A quick summary of what we previously had, versus now;
- Previous: You bid on a keyword “digital media” on phrase match and get 3 clicks. As it is phrase match, these three clicks may have been on; “digital media agency”, “digital media tracking” and “digital media performance” all of which are visible within an SQR report
- Now: Same keyword, the same number of clicks. The SQR may show 1 click on “digital media agency” and that the campaign has had 3 clicks.
But what of those other 2 clicks?
You still had them, they’ll be in every report and you’ll see that the campaign drove them in your analytics – and you definitely paid for them. But no search query. The change has been live for one month, and after reviewing across a range of clients in multiple verticals, we’re seeing the transparency in paid search slowly fade away.
A relatively old figure from 2017 states that 15% of search queries seen across the search giant are new each day. Not hard to believe as people use figures, dates, years, months, and variables within search queries (eg. Junior ISA April 2020 rate). But now, there is no way to know or understand this as trends change and user searches evolve.

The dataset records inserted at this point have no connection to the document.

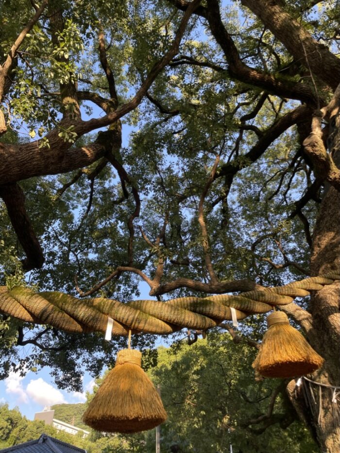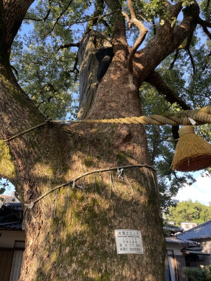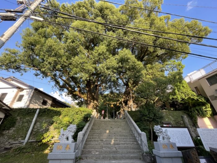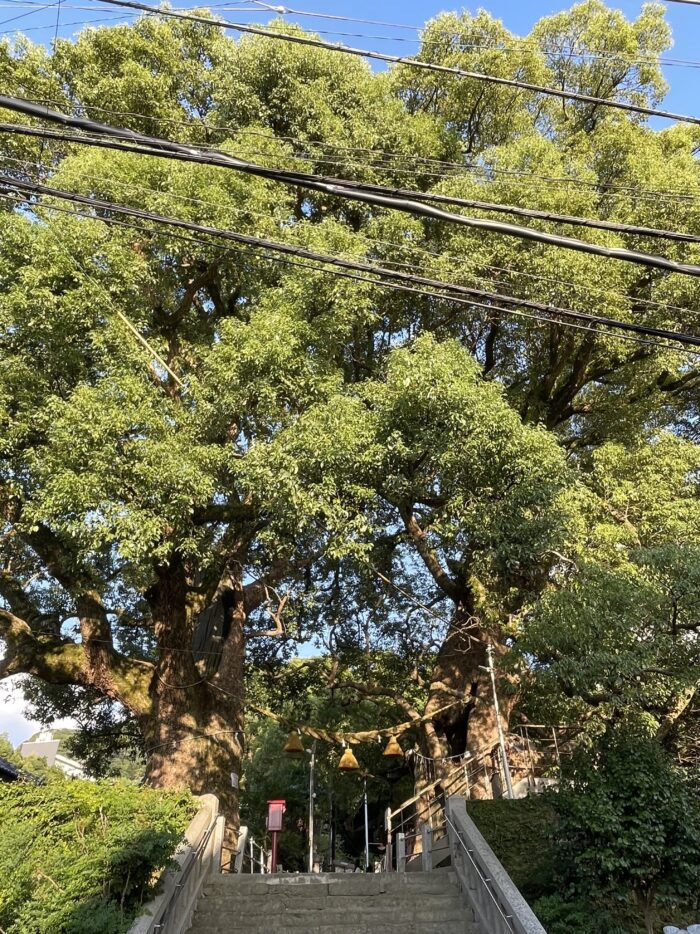 鳥居の先のお宮に茂っているのは、大きなクスノキ。
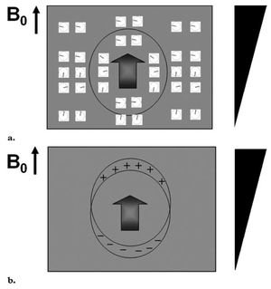 Schematics show the mechanism that causes metal-related artifacts at MR imaging. (a) The spins in the main magnetic field predictably rotate at the same frequency.When the frequency encoding gradient is applied, the Larmor frequencies of the spins change along the gradient direction. The spins at locations of higher magnetic field strength (upper part of the triangle) rotate at higher frequencies. When a metallic object is placed in the region of interest (arrow inside the circle), the spins near the object rotate with higher frequency than those that are distant from it. (b) The region of interest near the metallic object is encoded as if it were at a higher gradient location (upper circle) than it actually is. The signal around the region of interest is summed at a higher gradient location (+) and subtracted at a lower one (-). The result is geometric distortion of the object (Lee et al., 2007).
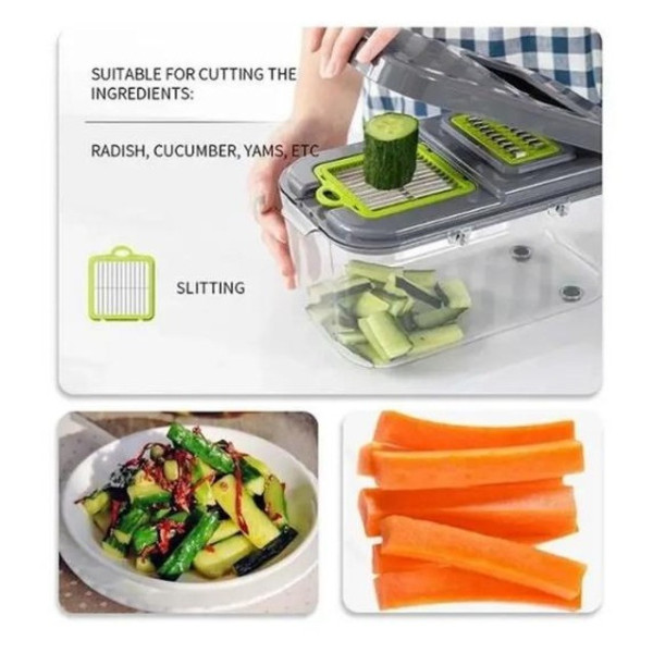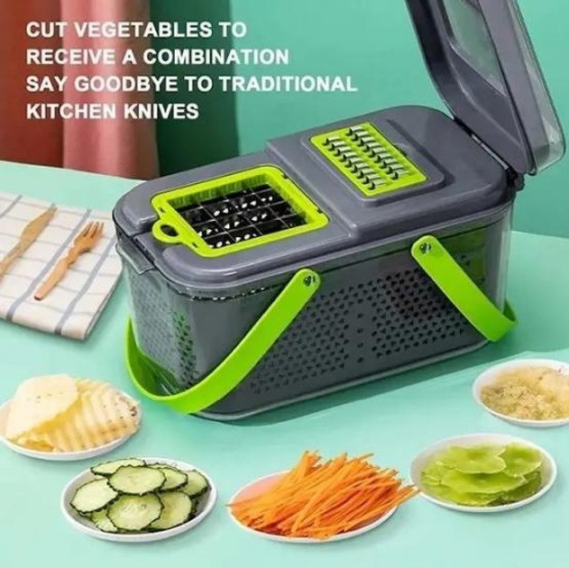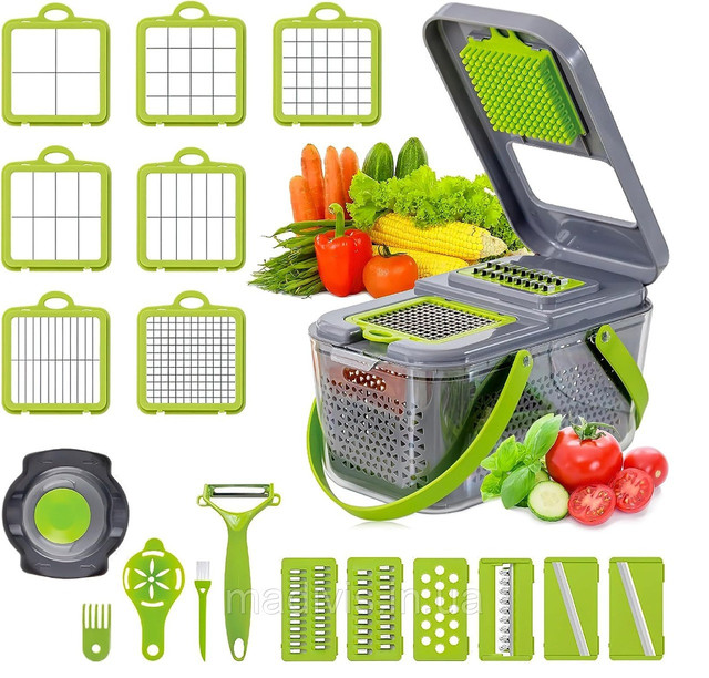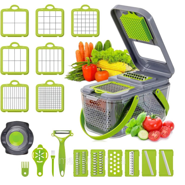 Багатофункціональна овочерізка MA-22/ мультислайсер 22 в 1 з контейнером шатківниця, нарізання та подрібнення овочів і фруктів

All Response Media viewpoint.
We are open and transparent with clients – from planning to performance – and this limits our ability to do this, to some degree. We will continue to review the data we have and make decisions based on it. If performance of this ‘non-transparent’ portion of terms underperforms, it will impact the overall account as we’re seeing above and with little ability to influence, will hurt the overall campaign and channel.
It will certainly up the ante on ensuring we manage the percentage of terms we have visibility on, regular and detailed SQRs.
And a final thought to end on: could this be voice search becoming more mainstream and Google choosing to exclude?